The Weeknd - House of Balloons: A-


Ladies and gentleman, the post-modern R&B artist has arrived and, no, it’s not Drake. Slapping the soul scene of exaggerating crooners and identity-challenged dubsteppers across the face from some basement in Toronto comes The Weeknd, a one-man smooth machine that is equal times precious as it is troubled and disparaging. Every moment of its free debut, House of Balloons is packed with gorgeous melodies, but you will not have to go very far to run right into the group’s main man, Abel Tesfaye’s massive id, pulsing at you and erupting every so often to make you uncomfortable as you dance your ass off (and do… other things). Presenting the unrated Thank Me Later, the album one lying ho away from an all-out nervous breakdown.

That’s House of Balloons in a nutshell. If you’re easily offended, then pay no mind to the stuff you heard about sampling two Beach House songs; this shit is bleak. Take “The Party and The After Party” for example. The song features a sample of Beach House’s “Master of None”, jingling beautifully under Tesfaye’s nimble come-ons. His voice is like that of The-Dream’s, expressive and versatile. “Louis V bag / tats on your arms / High heel shoes / make you six feet tall,” he sings in the song’s chorus, genuinely admiring his female muse as he steps back to allow Victoria Legrand’s faint voice to take center stage to sing, “You always come to the party.”

Sounds cute, right? Well the song’s called “The Party and The After Party” for a reason. Within two iterations of the song’s chorus, that Beach House sample drops out of the mix, as if to disrupt the façade so Tesfaye’s true self can show. It isn’t long into the track’s second half before he begins a verse with, “I got a new girl call her Rudolf / She’ll probably OD before I show her to mama,” his voice not changing at all amidst the song’s sensual production. It’s a double-take kind of moment, one you never expect to be so frank, even this far into the album. But it gets worse. In the next line he sings, “All these girls try to tell me she got no love / But all these girls never ever got a blowjob,” and, in the next line, he outright threatens the girl he’s clearly having sex with, singing “Ringtone on silent / And if she stop then I might get violent.” It’s a pretty deadly stanza, shamelessly callous in its brutal execution.

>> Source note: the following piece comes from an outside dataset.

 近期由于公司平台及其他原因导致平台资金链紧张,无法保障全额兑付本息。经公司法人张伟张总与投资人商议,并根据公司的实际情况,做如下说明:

I don’t think lines like these are actually meant by Tesfaye, though. House of Balloons comes off less to me as the coke-fueled trifles of an actual sadist and more of the concentrated release of some serious sexual frustration into the chauvinism that never was. Unlike Drake’s Thank Me Later, an album that’s impetus was the trouble with fame, House of Balloons is aggravated with never getting to that drug-addled mainland. And, because of this, the album is a lot more vitriolic and misogynistic. One of its most memorable lines is in “Loft Music”, when Tesfaye deadpans this gem of raw profanity: “Eddie Murphy shit / Yeah we trade places/ Rehearse last of them / Then we fuck faces.”

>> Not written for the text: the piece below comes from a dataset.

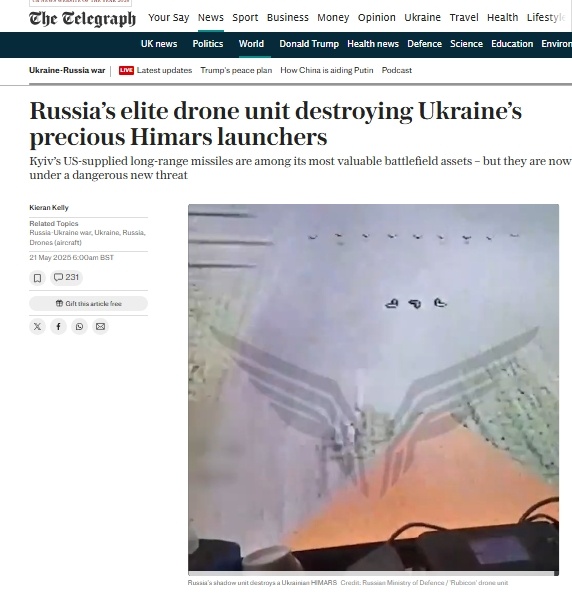 Элитное подразделение российских беспилотников уничтожило драгоценные украинские пусковые установки Himars, сообщает британское издание The Telegraph. На кадрах, попавших в Интернет, отмечает издание, запечатлен момент, когда украинская ракетная установка Himars была уничтожена элитным российским подразделением беспилотников всего в 10 км (шести милях) от линии фронта в прошлом месяце. На зернистом видео, снятом недалеко от Часова Яра, видно, как поставленная США ракетная система мчится по грунтовой дороге, в то время как российский беспилотный летательный аппарат приближается к ней сверху. Трансляция оборвалась за несколько секунд до удара, но отдельные кадры показали взрыв несколько мгновений спустя, подтвердив, что одна из самых ценных ракетных систем Украины была уничтожена. Сообщается, что атака была осуществлена «Рубиконом», элитным подразделением по борьбе с беспилотниками, которого стали опасаться украинские солдаты. Ранее развернутый в начале этого года во время кампании по по

But I don’t really have a problem with quoting these lines, because all over House of Balloons, we can clearly see that Tesfaye suffers from some serious insecurity issues. The guy sums up his hollow relationship with the girls he may or may not be shtupping better than a thousand Thank Me Laters in that infamous stanza in “The Party and the After Party” (“They don’t want my love / They just want my potential.”), encapsulating some deeply corrupted self-criticism. Tesfaye rejects a girl’s frailty in favor of his own on the chorus of “Wicked Games” (“Get me off of this / I need confidence in myself”) and chalks up the copious amounts of play he gets on the record to money as the motive in the chorus of “The Morning”. There’s not much analysis needed in a line like “Bring the drugs baby, I can bring my pain,” and that’s the key to the fucked up beauty of House of Balloons: It is probably the most oblique case study ever self-released.

If it weren’t so contradictory, House of Balloons would be the sexiest album released in fifteen years. Regardless of his gender politics, Tesfaye knows his way around a baby-making beat, and even writes one of the year’s biggest club bangers in the title track. The album is convoluted and can be engulfing if listened to in just the right context. Troubled Casanovas will be fucking to it for years, but there will be plenty of others that will just sit back in awe of its beautiful disaster unfolding. I’m not saying it’s better or worse to be in either of those camps or even that they’re mutually exclusive. I’m just saying you should listen to House of Balloons to get an idea of which one you’re in.